--- Records ---

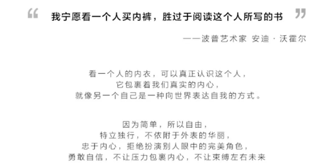 “看一个人的内衣,可以真正认识这个人,它包裹着我们真实的内心,就像另一个自己是一种向世界表达自我的方式……”
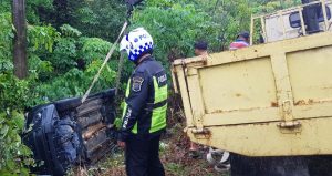 Bintan(HK)-Sebuah mobil mini bus terjungkal ke semak-semak persis ditikungan tajam tak jauh dari Bhadra Resort Jalan Wisata Bahari Km 25 Kawal, Kecamatan
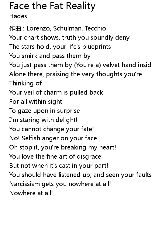 | Song | Face the Fat Reality |
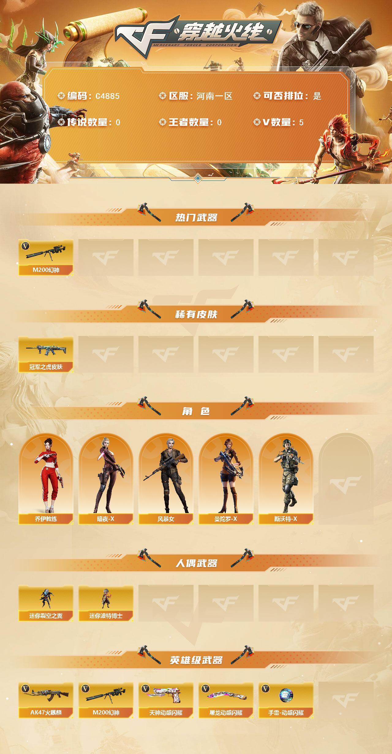 C4885河南一区-5V-0王者武器数-0炫金武器数
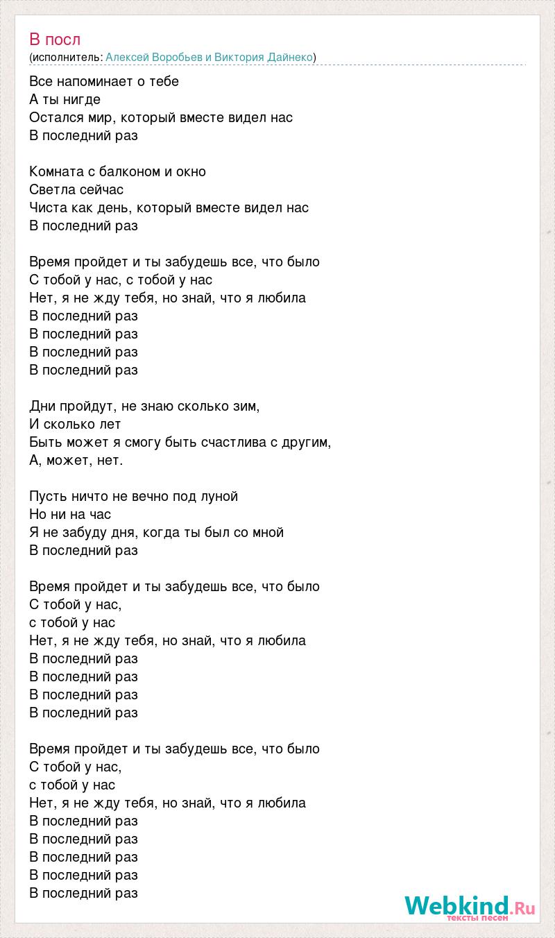 Все напоминает о тебе А ты нигде Остался мир, который вместе видел нас В последний раз Комната с балконом и окно Светла сейчас Чиста как день, который вместе видел нас В последний раз Время пройдет и ты забудешь все, что было С тобой у нас, с тобой у нас Нет, я не жду тебя, но знай, что я любила В последний раз В последний раз В последний раз В последний раз Дни пройдут, не знаю сколько зим, И сколько лет Быть может я смогу быть счастлива с другим, А, может, нет. Пусть ничто не вечно под луной Но ни на час Я не забуду дня, когда ты был со мной В последний раз Время пройдет и ты забудешь все, что было С тобой у нас, с тобой у нас Нет, я не жду тебя, но знай, что я любила В последний раз В последний раз В последний раз В последний раз Время пройдет и ты забудешь все, что было С тобой у нас, с тобой у нас Нет, я не жду тебя, но знай, что я любила В последний раз В последний раз В последний раз В последний раз В последний раз
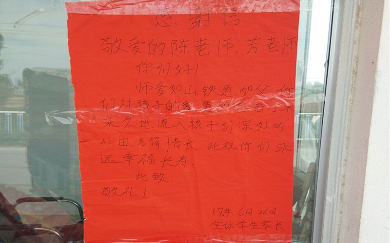 2018626日,阜阳市颍泉区姜堂中心学校椿树小学将一面印有“爱心奉献,良师益友”的锦旗送到即将结束支教回校考试的16877太阳集团2015级小学教育专业学生陈刚手上,学生家长们自发张贴了感谢信,感谢他支教期间所做的贡献。阜阳市颍泉区姜堂中心学校椿树小学给16877太阳集团发来题为《‘爱心奉献,良师益友’——记在三尺讲台挥洒汗水的支教大学生—陈刚》的表扬文稿。
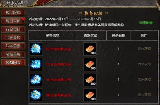活动六、装备回收,白嫖灵符,兄弟们冲啊!
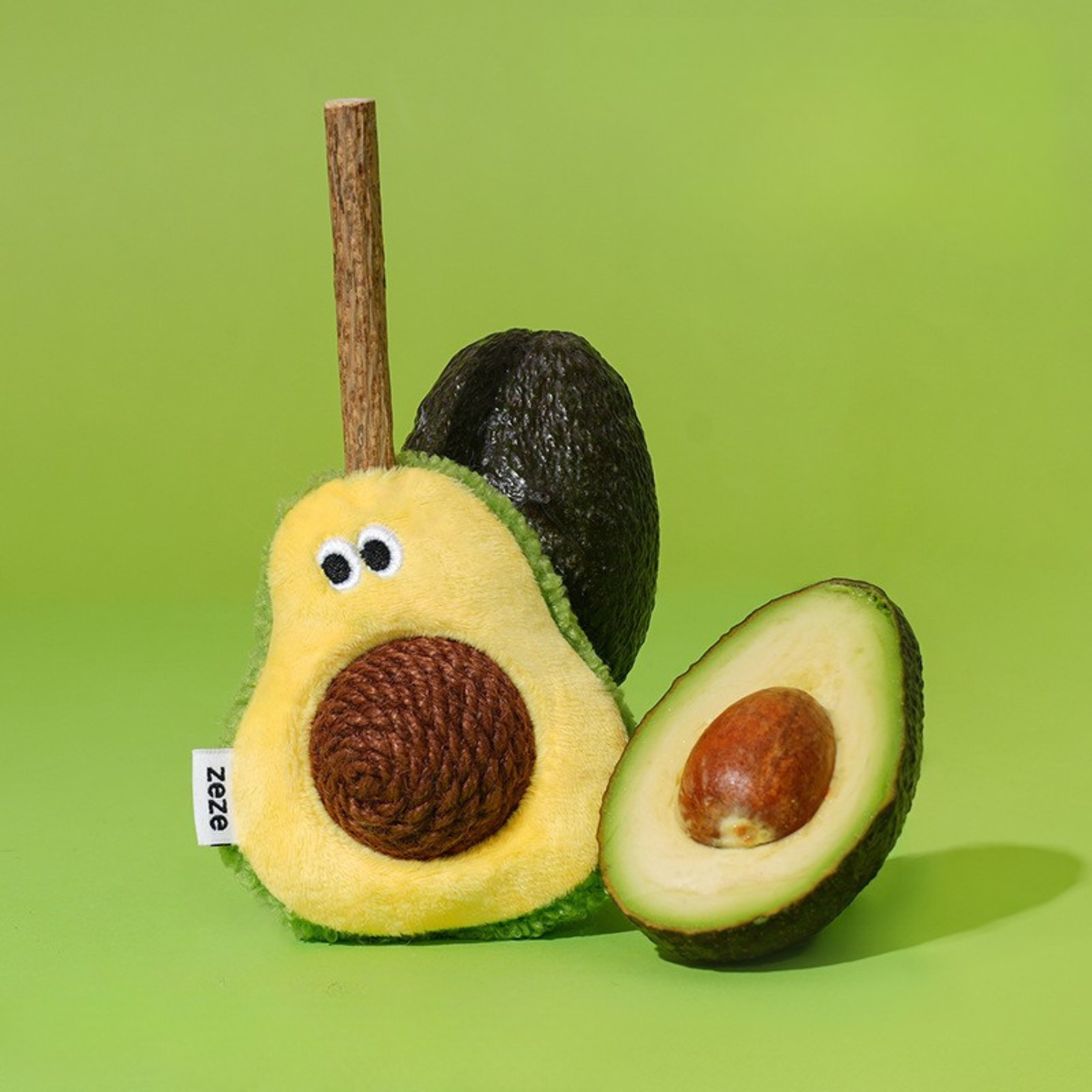 This avocado cat toy is a healthy serving of fun, featuring a soft plush exterior, a natural silvervine stick stem, and a removable sisal rope "pit". Designed to spark your cat’s natural curiosity, the sisal ball can be popped out for an extra game of chase, making every play session feel like a fresh discovery.
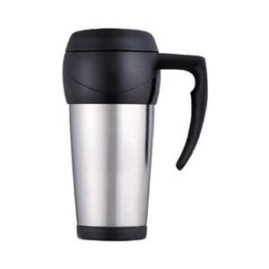 "STAINLESS STEEL TRAVEL MUG, CHARCOAL" Feature
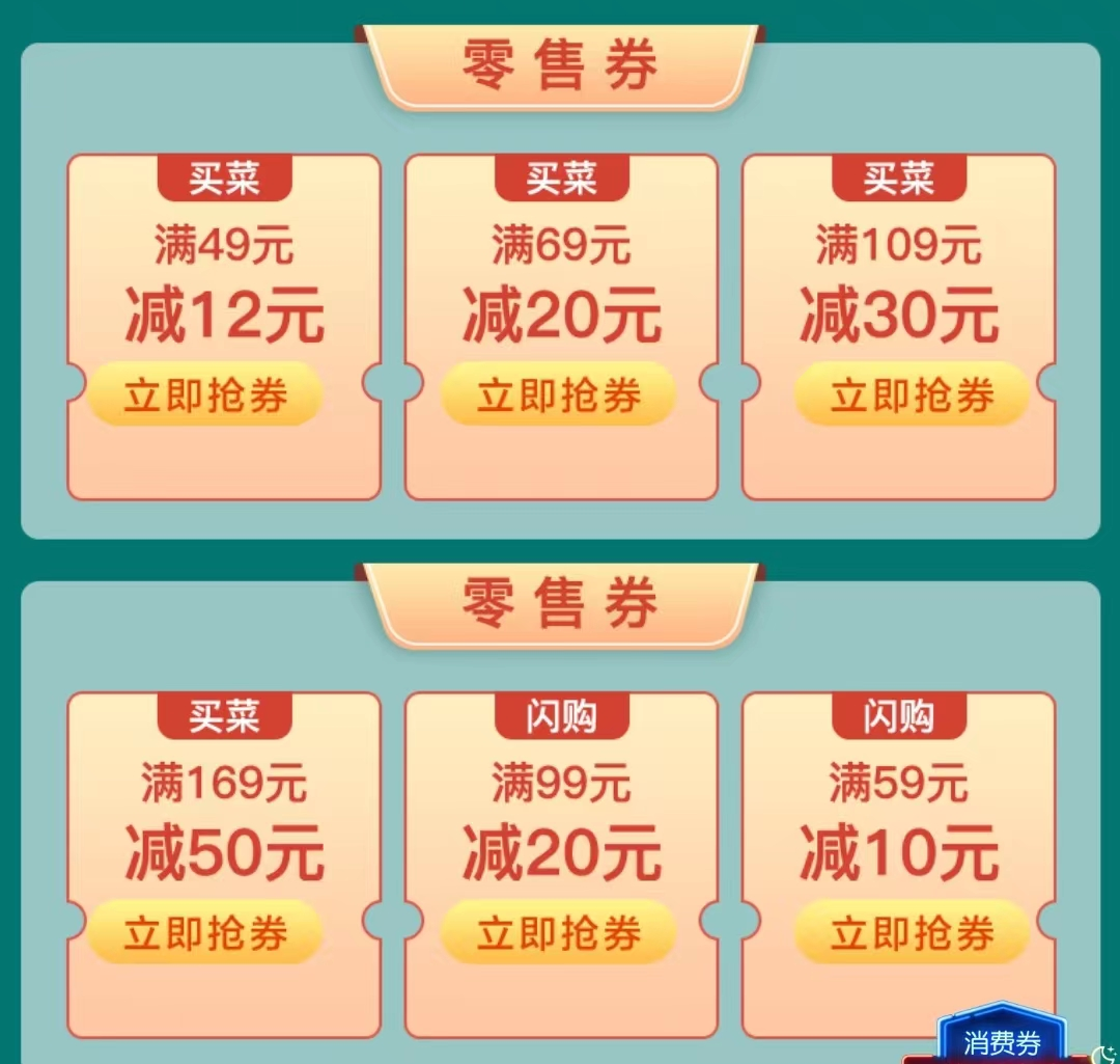 生鲜消费券:满49减12、满69减20、满109减30、满169减50
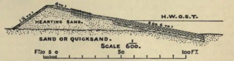 There are many examples of sea-coast reclamation: Romney marsh was enclosed long ago by the Dymchurch wall (see fig. 1), and a large portion of Holland has been reclaimed from the sea by embankments (see fig. 2); the reclamation bank for the Hodbarrow iron mines (see fig. 3) illustrates the use of puddled clay to prevent infiltration.
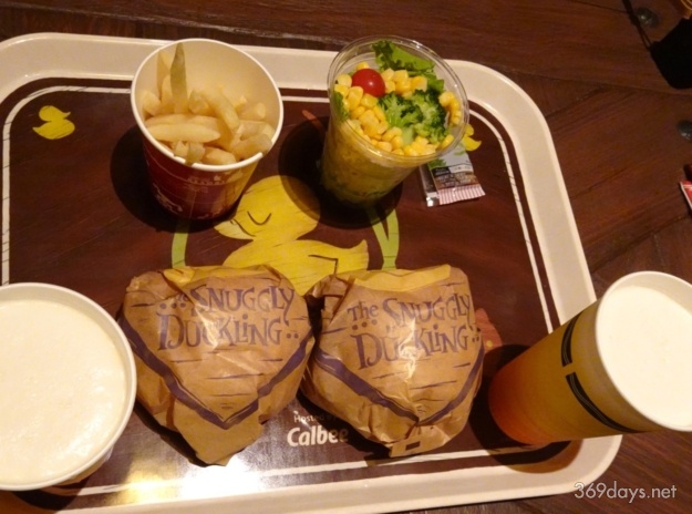 いただいたメニューはこちら!ダックリングドリームチーズバーガーのポテトセットとサラダセットです。
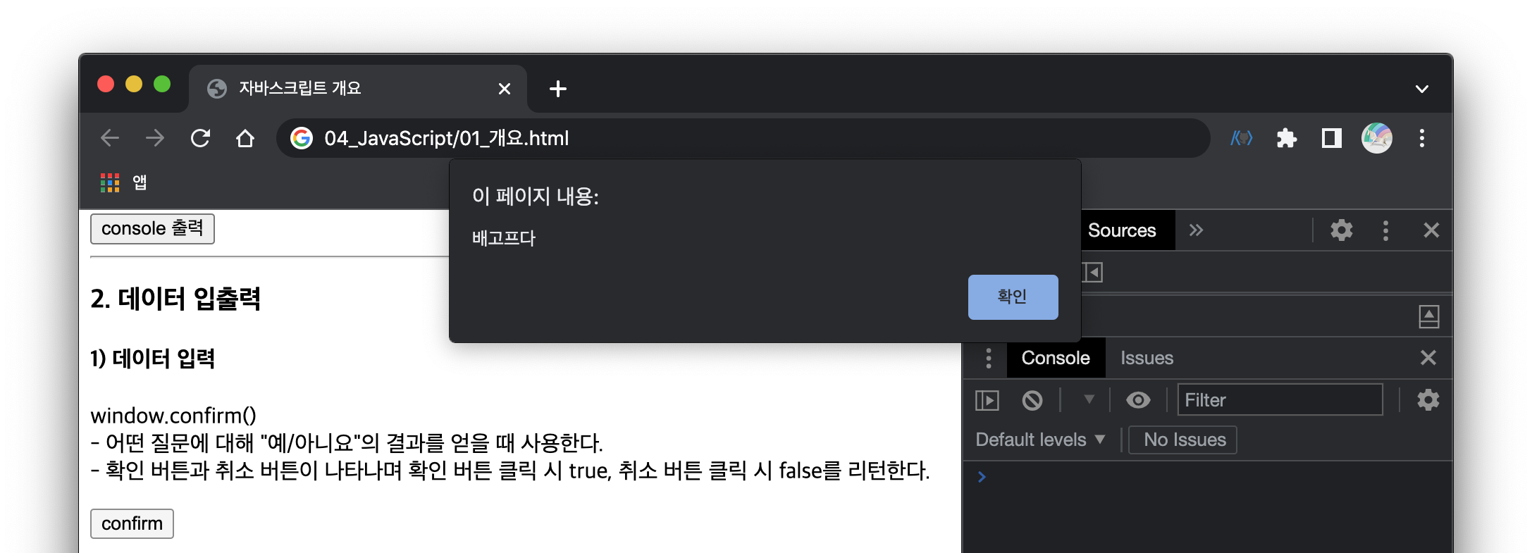- 개발자 도구 콘솔 화면에 출력하고 할 때 사용한다. (디버깅할 때 주로 사용)
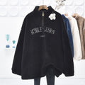 Velvet Padded Loose Mid-length Half Zipped Stand Collar Sweater
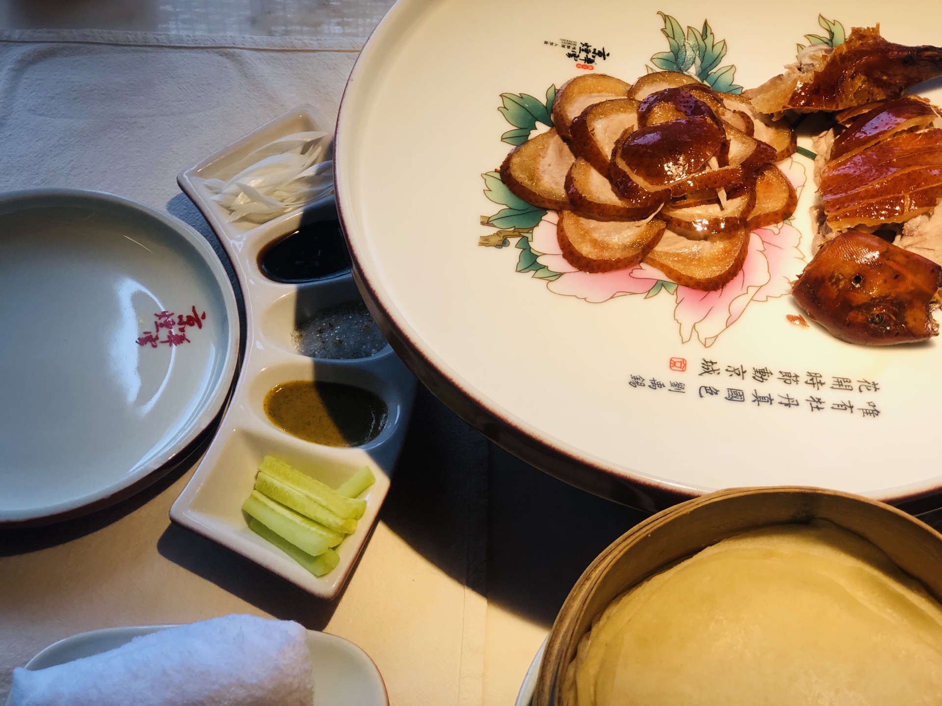 幽暗的灯光,曼妙的氛围,自有别样滋味在心头~鸭肉和小葱黄瓜这么一配,红香绿玉,顶好看呢
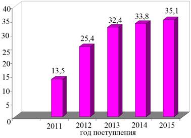 С целью определения реального уровня здоровья студентов был проведён анализ медицинской и учебной документации за период с 2011 по 2015 гг. в ДИТИ НИЯУ МИФИ. В результате выявлено, что ежегодно увеличивается количество поступающих в данный вуз абитуриентов с нарушениями физического состояния здоровья, что свидетельствует о факте начала негативных изменений в организме молодых людей ещё в подростковом возрасте. В частности, если в 2011 г. к СМГ было отнесено 13,5% первокурсников, то в 2015г. – уже 35,1% (рис. 1).
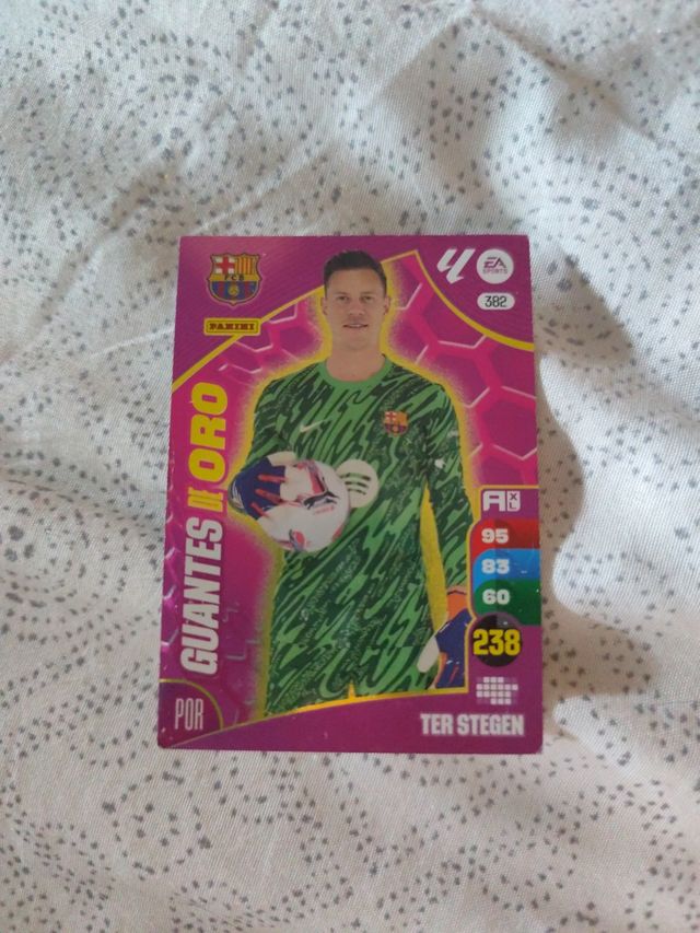 Detalles del productoTarjeta de cromo Adrenalyn XL del portero Marc-André ter Stegen del FC Barcelona. La tarjeta está algo tocadas esquinas

---

— What is expected —
The answer should contain only the lines from the start of the records above through the line with "C4885河南一区-5V-0王者武器数-0炫金武器数", copied exactly, and no pictures.

— Problem solution —
 “看一个人的内衣,可以真正认识这个人,它包裹着我们真实的内心,就像另一个自己是一种向世界表达自我的方式……”
 Bintan(HK)-Sebuah mobil mini bus terjungkal ke semak-semak persis ditikungan tajam tak jauh dari Bhadra Resort Jalan Wisata Bahari Km 25 Kawal, Kecamatan
 | Song | Face the Fat Reality |
 C4885河南一区-5V-0王者武器数-0炫金武器数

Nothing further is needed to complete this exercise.